*Task to complete*:
Output the lines from the top of the entries below to the line with "The second and", both included, exactly and without pictures.

◆ ◆ ◆ ◆ ◆

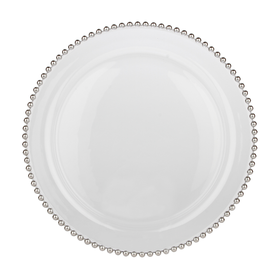 Delicate silver beading along the rim makes this clear glass charger plate a glamorous, glimmering accent for any table.
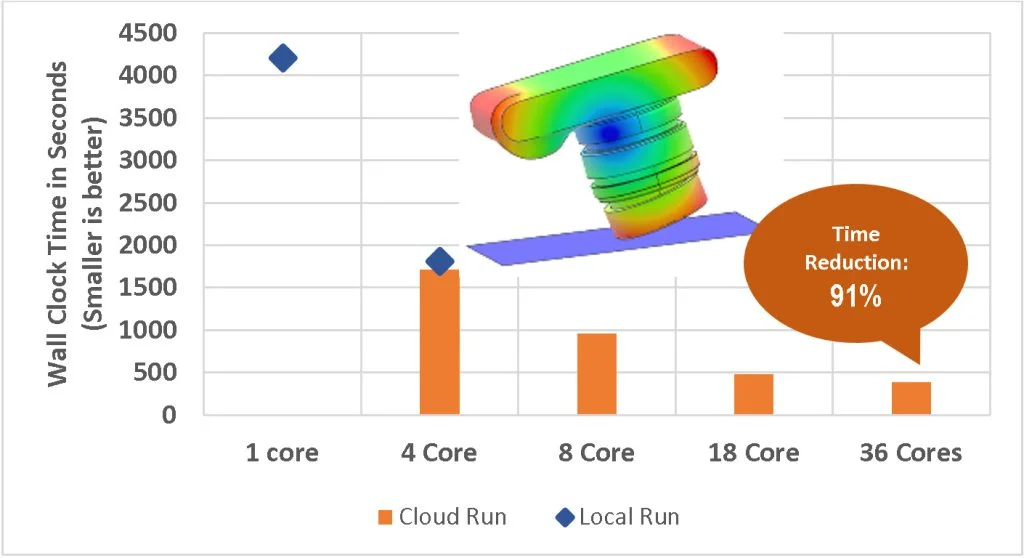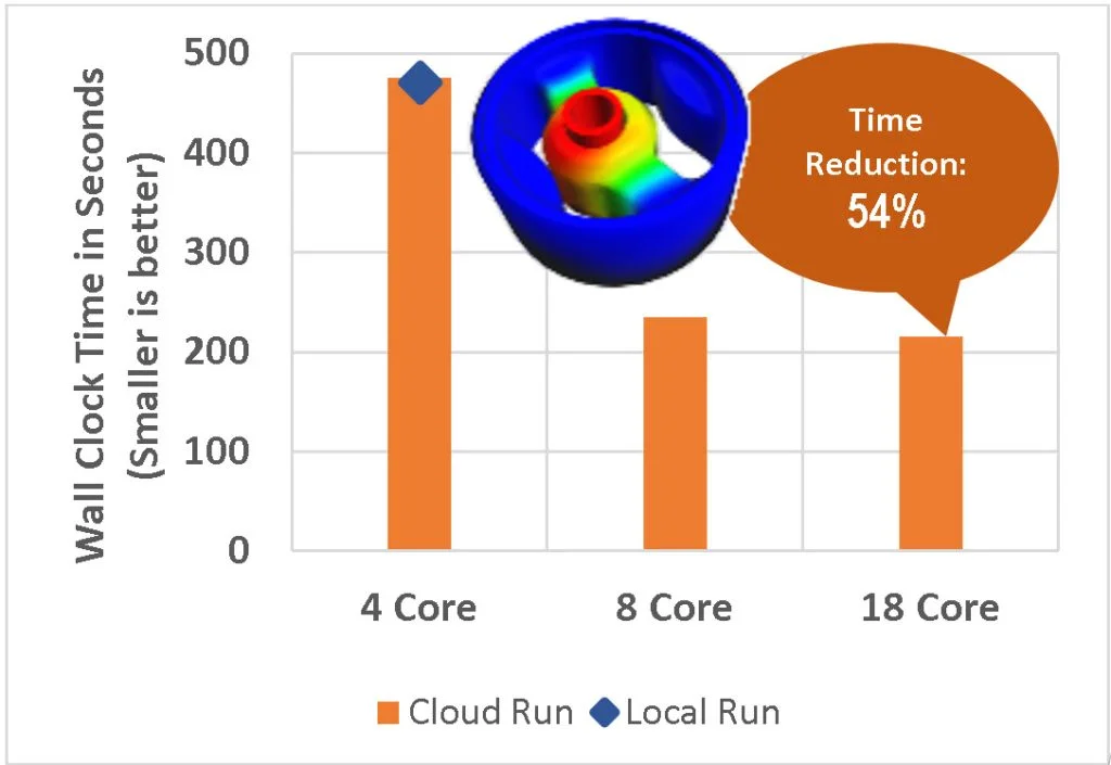 Below are three examples: a rubber bushing stiffness test, a camera drop test, and the bolting of a cylinder head onto an engine block test. These examples illustrate the time saved when running a structural simulation on the cloud versus locally. You will notice the scalability of the computation time when leveraging more CPU cores. As a user, you will see two benefits in one: reduced computation time and time saved by running the simulation remotely since your local computer system will be available for other work.
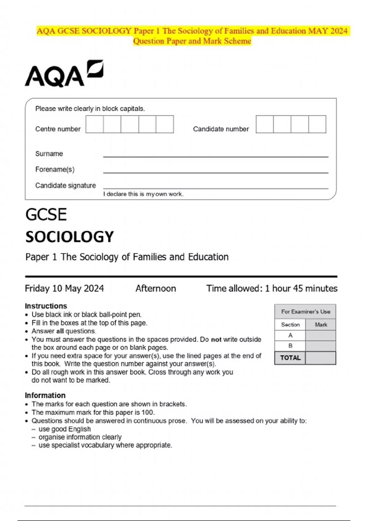 AQA GCSE SOCIOLOGY Paper 1 The Sociology of Families and Education MAY 2024 Question Paper and Mark Scheme
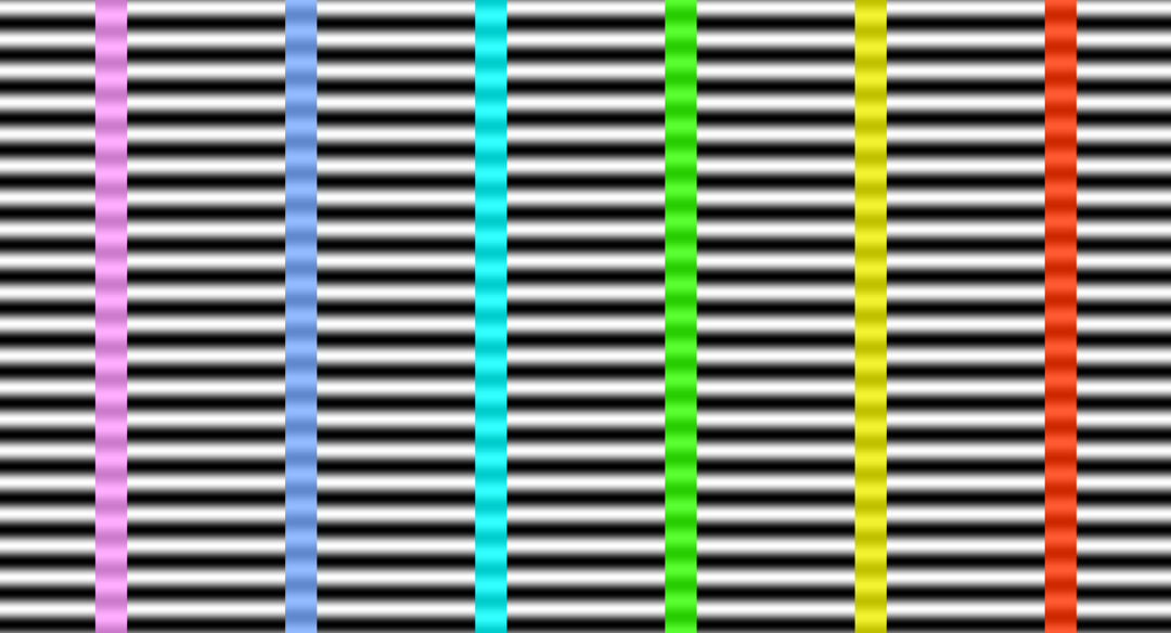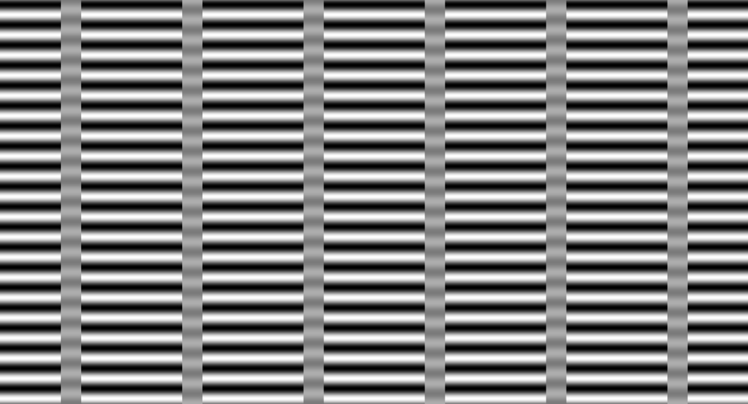 The second and fourth rows appear to move rightward while the rest leftward. In addition, the borders of the rows appear to tilt: clockwise, counterclockwise, clockwise, counterclockwise from the top to the bottom.
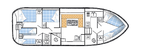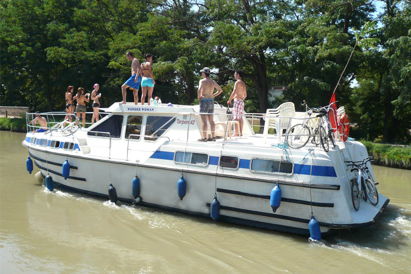 Die Tarpon 42 N ist optimal für große Gruppen geeignet und verfügt über insgesamt vier Kabinen und zwei Badezimmer mit Dusche und WC. Die vordere Kabine verfügt ein Doppelbett und ein Einzelbett in halber Höhe, die hinteren Kabinen über Doppelbetten bzw. über Stockbetten mit zusätzlichem Einzelbett. In der Mitte des Bootes liegt neben der separaten, gut ausgestatteten Küche der großzügige Salon mit Innensteuerstand und Sitzecke, die bei Bedarf in ein zusätzliches Doppelbett umgewandelt werden kann. Im Außenbereich befindet sich neben der Terrasse mit zweitem Steuerstand auch ein großes Sonnendeck, von wo aus Sie den tollen Blick auf die Flusslandschaft genießen können. Für ein noch einfacheres Navigieren des Bootes finden Sie selbstverständlich ein Bugstrahlruder an Bord. Im Vergleich zur Tarpon N ist dieses Boot die ältere Version.

◆ ◆ ◆ ◆ ◆

*Response below*:
 Delicate silver beading along the rim makes this clear glass charger plate a glamorous, glimmering accent for any table.
 Below are three examples: a rubber bushing stiffness test, a camera drop test, and the bolting of a cylinder head onto an engine block test. These examples illustrate the time saved when running a structural simulation on the cloud versus locally. You will notice the scalability of the computation time when leveraging more CPU cores. As a user, you will see two benefits in one: reduced computation time and time saved by running the simulation remotely since your local computer system will be available for other work.
 AQA GCSE SOCIOLOGY Paper 1 The Sociology of Families and Education MAY 2024 Question Paper and Mark Scheme
 The second and fourth rows appear to move rightward while the rest leftward. In addition, the borders of the rows appear to tilt: clockwise, counterclockwise, clockwise, counterclockwise from the top to the bottom.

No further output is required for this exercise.